The 2016 Ole Miss Rebels football team represented the University of Mississippi in the 2016 NCAA Division I FBS football season. The Rebels played their home games at the newly renovated Vaught–Hemingway Stadium in Oxford, Mississippi and competed in the Western Division of the Southeastern Conference (SEC). They were led by fifth-year head coach Hugh Freeze in what would turn out to be his final season with the Rebels. They finished the season 5–7, 2–6 in SEC play to finish in last place in the Western Division.

On February 11, 2019, Ole Miss announced the vacation of all wins in the years 2010, 2011, 2012, and 2016. In 2013, all wins except the Music City Bowl were vacated. In 2014, all wins except the Presbyterian game were vacated.

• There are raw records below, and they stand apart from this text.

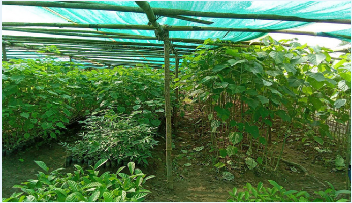
Simseng Gading village.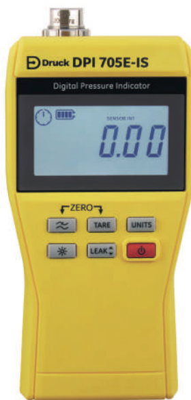
Hazardous Area Pressure Indicator

The Druck DPI 705E Series of handheld pressure and optional temperature indicators combine tough and rugged design with accurate and reliable measurements.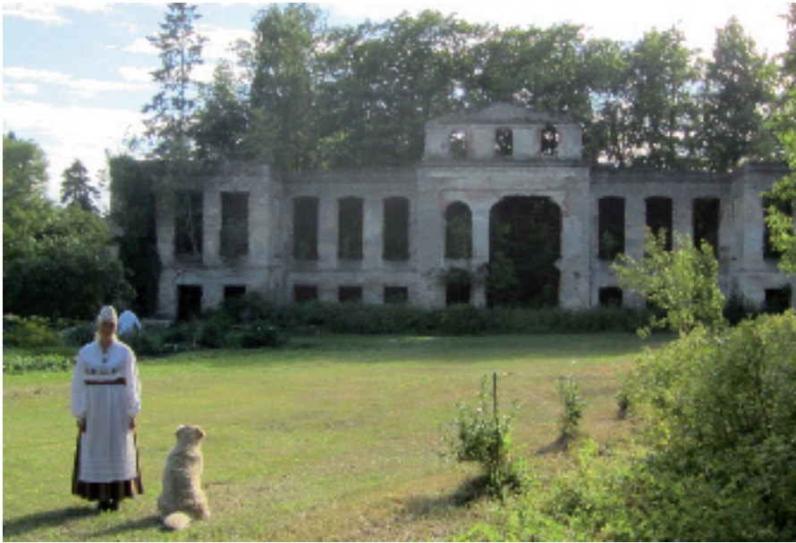
The ruined manor house of Paddas with its new owner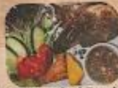
H.13. Fried Duck Surabaya Tofu Tempeh included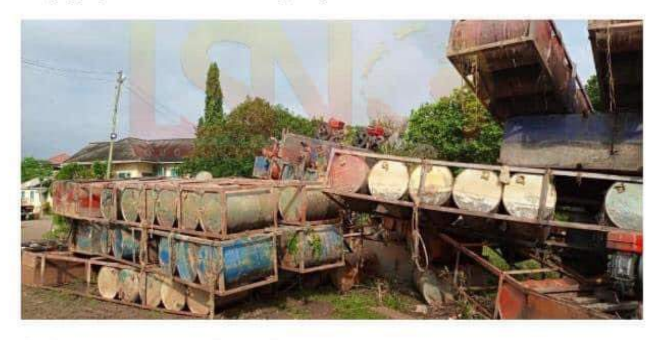
Dredging equipment at a depot far away from mining site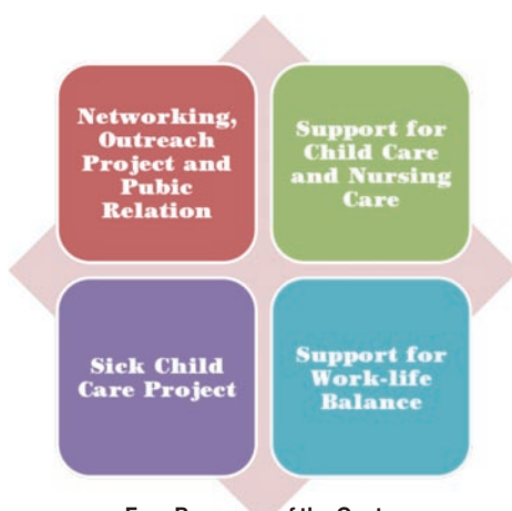
Four Programs of the Center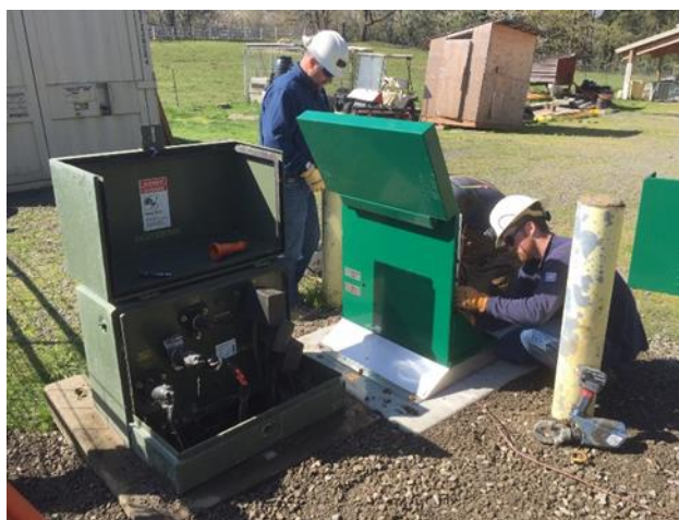
PGE LVR 420002_8/6/20 CU 1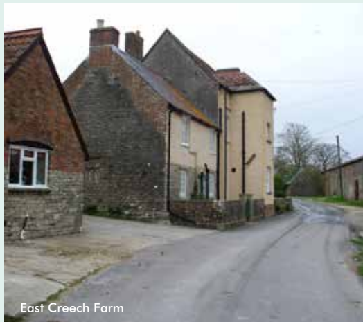
East Creech Farm

The hamlet of East Creech contains a small collection of historic agricultural buildings and cottages whose construction is characterised by use of a mixture of materials including locally produced brick, cob, stone and thatch. The landscape setting is particularly important, and most notably includes Creech Barrow Hill, a landmark across much of the District.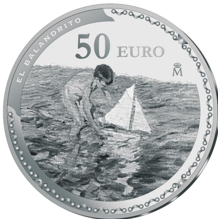
The Little Sailing Boat 1909 - Oil on canvas

This is one of the painter's most representative pieces: a scene depicting an "elegant stroll", as was commonplace on the beaches of the north, transported to the beach in Valencia. The water and beach sand come to life with long brush strokes, providing the backdrop for the figures of his wife and daughter, Maria, who walk dressed in white—Sorolla's famous white—as the breeze ruffles their dresses and headdresses. The photographic framing, which cuts off Clotilde's widebrimmed hat and leaves a strip of empty sand, brings modernity to the work.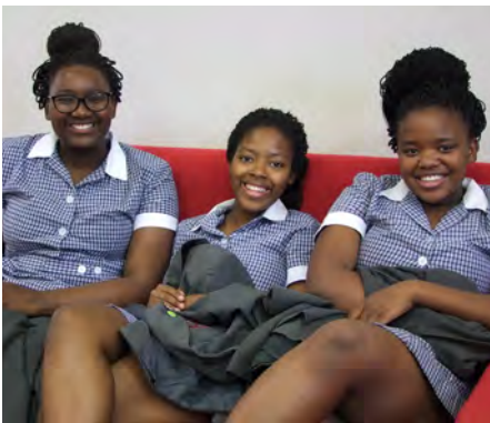
At the matric resource monitors' farewell tea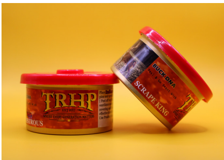
SCRAPE KING ENHANCER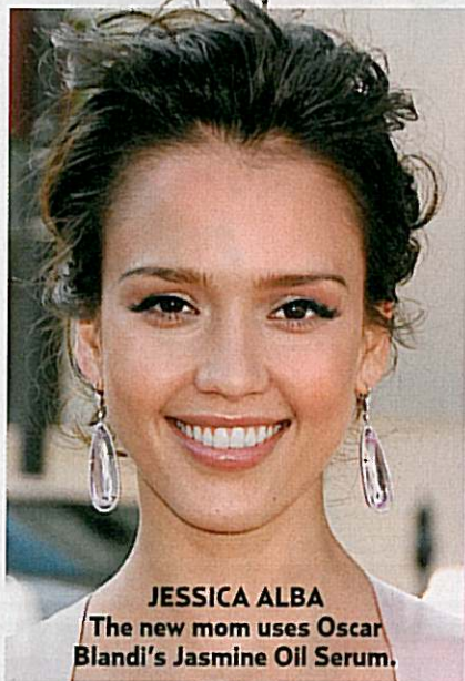
JESSICA ALBA The new mom uses Oscar Blandi's Jasmine Oil Serum.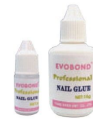
NG-I series (3g, 15g)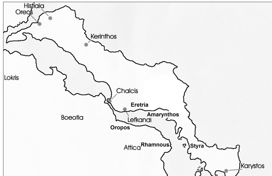
Figure 1: Map of Euboea and east Attica, with sites mentioned in text.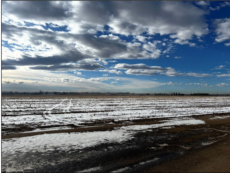
Photo 3: View southeast of the proposed site, oil and gas facilities are visible to the west.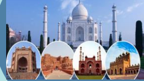
Delhi Agra Jaipur Tour Package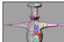
Fig. 4 Bakery character. Skeletal rig, left; rendered image, right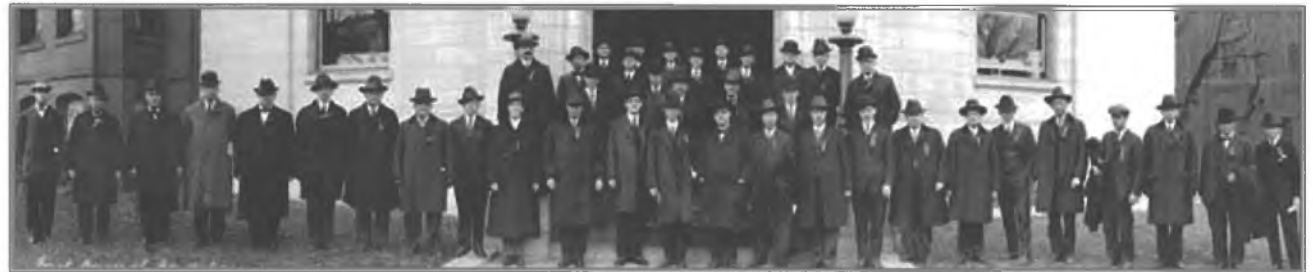
Delegates to the 1918 Founding Convention

From the Preamble of the Constitution and By-Laws of the International Association of Fire Fighters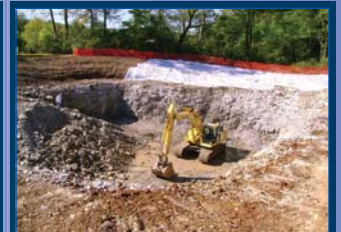
WL-6 Hamestring Lift Station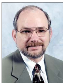
Richard Cravy Technology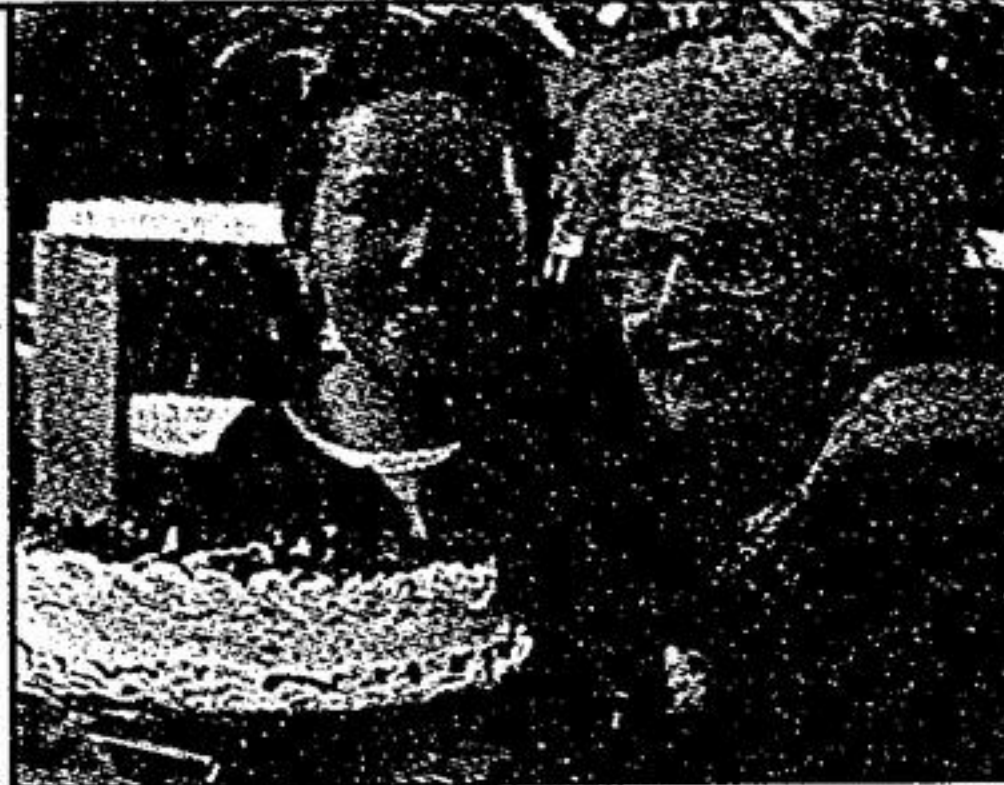
"Affordable Luxury" at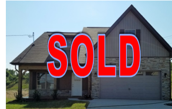
Vaulted Family Room

Lot #: 55 1165 Blackstone View Ln. Model: Westin $291,413 Construction Status: Ready to Move In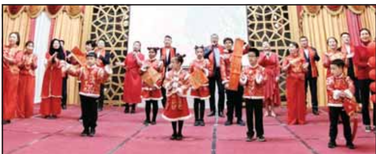
People perform at an event celebrating the Chinese Lunar New Year.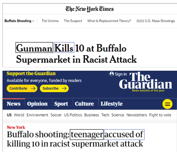
Figure 1: Framing devices deployed in the headlines of two news reports published by The New York Times and The Guardian on the 2022 Buffalo mass shooting.

rally compared to those who read the public order news story (Nelson et al., 1997, p. 581). Figure 1 shows similar frames deployed in two news headlines on the 2022 Buffalo mass shooting.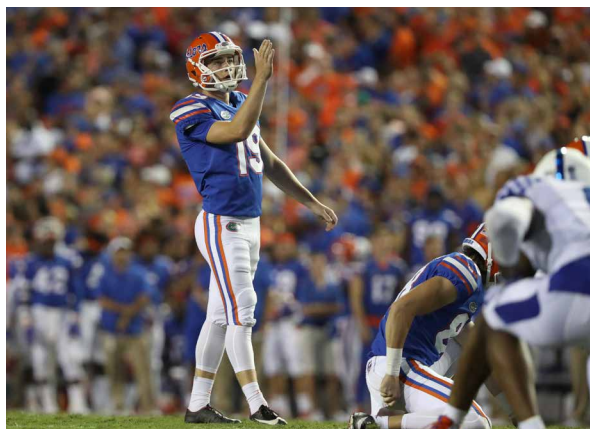
Florida missed numerous opportunities against Kentucky, but a controversial missed field goal--which snapped a streak of 20 consecutive makes for UF kickers--was a deflating moment for the Gators.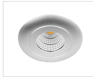
S Silver Trim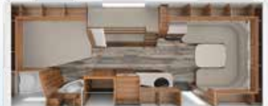
DA VINCI 655 KD 2,5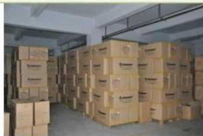
9. finished helmet

Welcome all our clients and partners to visit us to see our R&D center and factory facilities. At our show room, we carry a large selection of helmets for a wide range of sports applications, all at very attractive design! If you can't find what you are looking for, tell us, our friendly and courteous staff will be glad to help you with your helmets needs.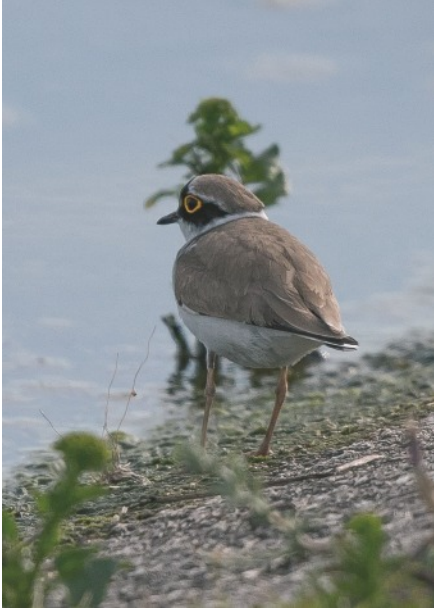
Fig 1. Little Ringed Plover, Staines Res. (David Carlsson)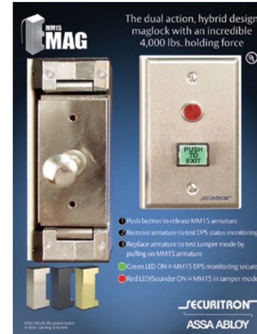
Order# DU-MM15 8.5" x 11" x 5.5", 4 lbs., List $490.00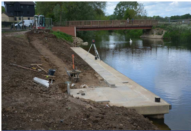
Phase 2 in progress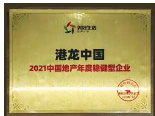
Healthy Enterprises of the Year in Chinese Property Sector 中國地產年度穩健型企業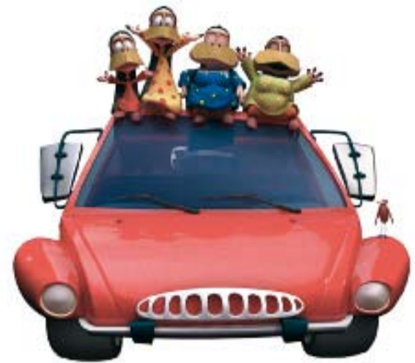
Freej characters.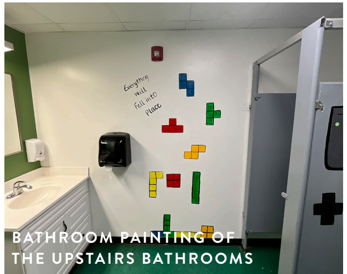
BATHROOM PAINTING OF THE UPSTAIRS BATHROOMS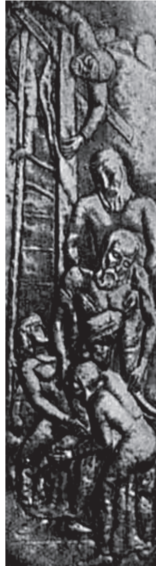
5. M. Szwarc, Descent from the Cross b. 1924, Illustration from Nowa Panorama , 1924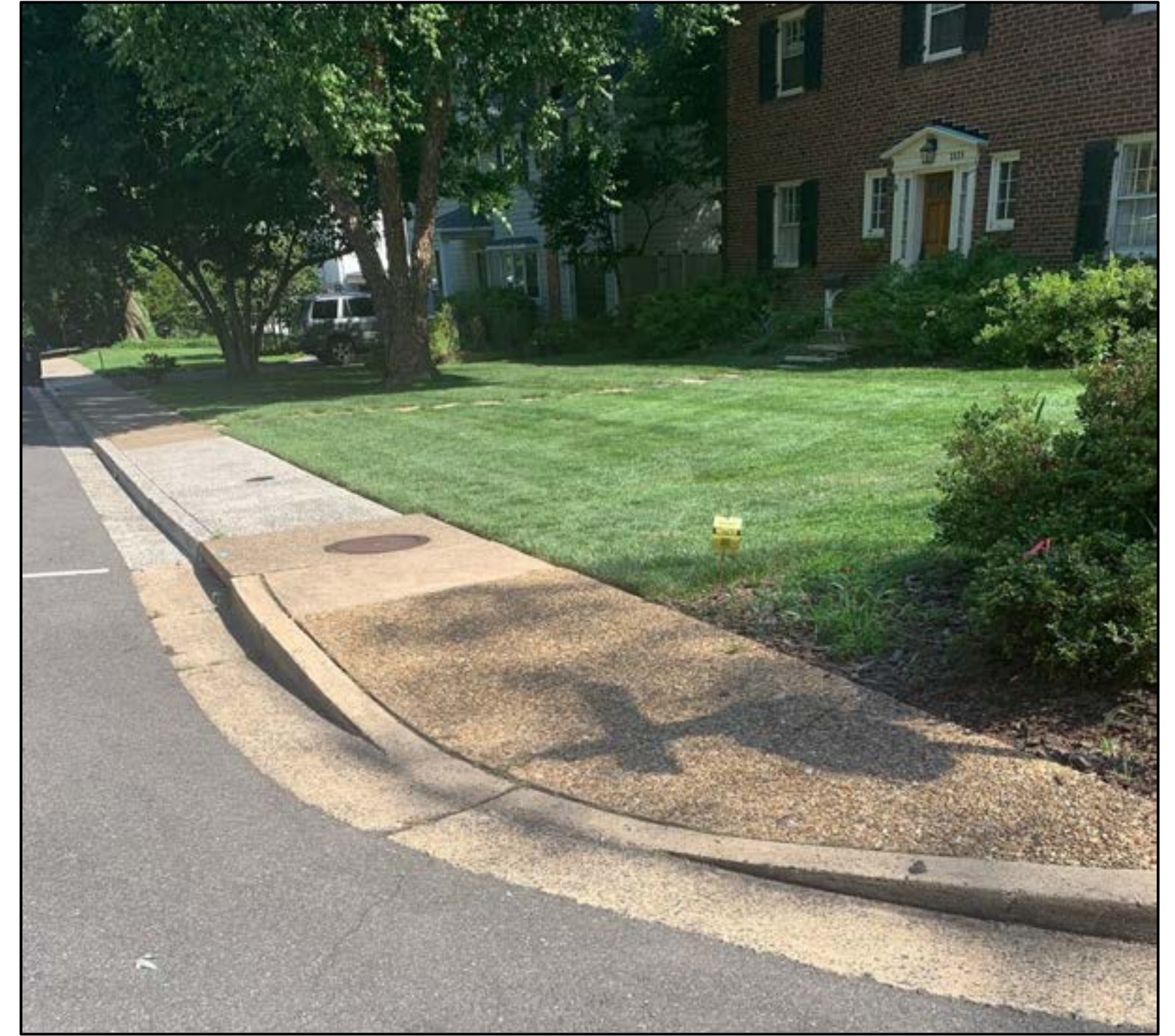
An example of the condition of curb ramps on Lorcom Lane. Photo shown is southeast of the intersection of Lorcom Lane and N Quincy Street.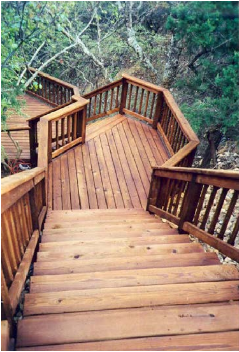
Ready Seal OS-015 Pecan on PT Pine Deck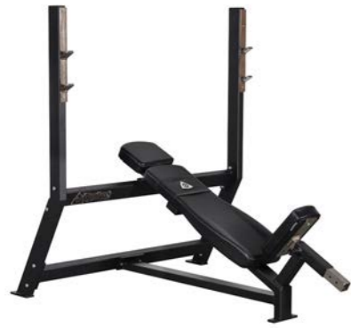
Incline Bench Press Art.nr: 120

Length: 125 cm Width: 150 cm Height: 124 cm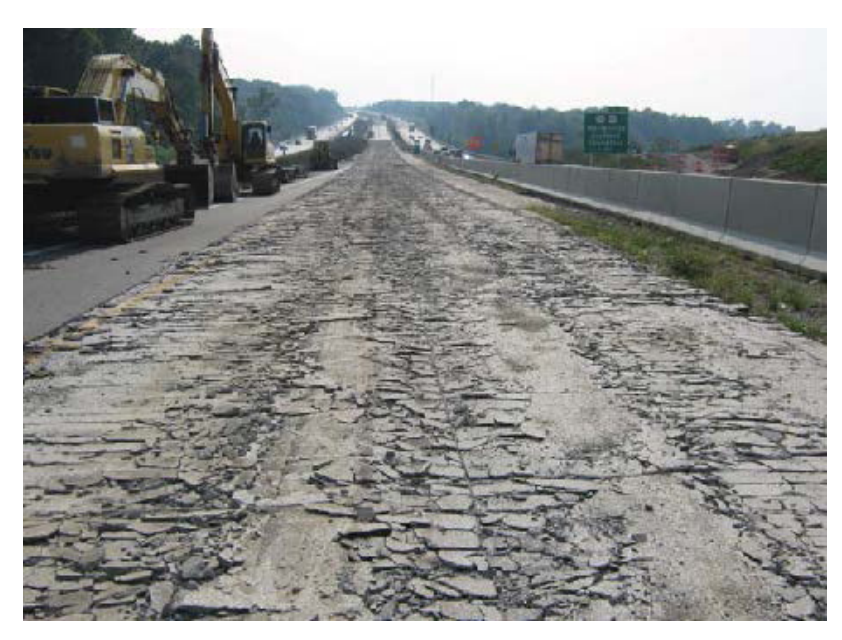
Upper layer of concrete broken with T8600 Badger Breaker®

Previous season and offseason

2015 season

Ole Miss's 2015 season began with easy victories over FCS foe UT-Martin and the Mountain West's Fresno State, and continued their momentum by defeating then-no.2 Alabama on the road, which would become the signature victory of the Rebels' 2015 campaign. Ole Miss then rose to no.3 in the AP Poll, and although they were heavy favorites in their next matchup against Vanderbilt, they struggled mightily, but ultimately emerged victorious. They Rebels maintained their no.3 ranking before getting blown out by Florida on the road and fell to no.14 before bouncing back against New Mexico State. The Rebels entered their next game with a #13 ranking against rival Memphis, in what was one of the most anticipated in the history of Memphis football. Ole Miss, despite being double digit favorites, lost by 13 points, causing them to fall 11 spots in the rankings to no.24. The Rebels followed with two wins against SEC West opponents Texas A&M and Auburn and climbed to no.18 in the rankings and controlled their own destiny the SEC West, but a heartbreaking loss to Arkansas the following week caused them to fall to second place in the SEC West and to fall out of the rankings for the first time since the 2013 season. However, Ole Miss finished the regular season with double digit wins over ranked SEC Rivals LSU and Mississippi State and rose to no.12 in the College Football Playoff poll, which earned them a Sugar Bowl berth for the first time since 1970, where they defeated no.16 Oklahoma State and ultimately finished ranked no.10 in the AP Poll, their first top-ten finish since 1969.

NCAA investigation
The offseason was a controversial one for the Rebels, where an ongoing NCAA investigation dominated college football headlines. The investigation began prior to the start of the 2015 season, where Ole Miss star offensive tackle Laremy Tunsil was arrested on charges of domestic violence after allegedly assaulting his stepfather, Lindsey Miller. Ole Miss coach Hugh Freeze announced that Tunsil was defending his mother, Desiree Tunsil. A police report that was released days after the incident stated that Miller claimed Tunsil was "riding around with football agents" and that when a deputy arrived at the scene of the incident, "Tunsil and the agents" left in a yellow convertible. Days later, NCAA officials interviewed Miller about allegations of multiple violations of rules by the Ole Miss football program; Hugh Freeze later dismissed the possibility of a violation of rules, saying he's confident his program "always does the right thing". In August 2015, Tunsil and Miller agreed to drop charges against each other and sign dismissal forms. However, Tunsil was suspended from the first seven games of the 2015 season, making his debut against Texas A&M. In October 2015, Ole Miss announced that Tunsil used three loaner vehicles over a six-month period without payment, among other impermissible benefits.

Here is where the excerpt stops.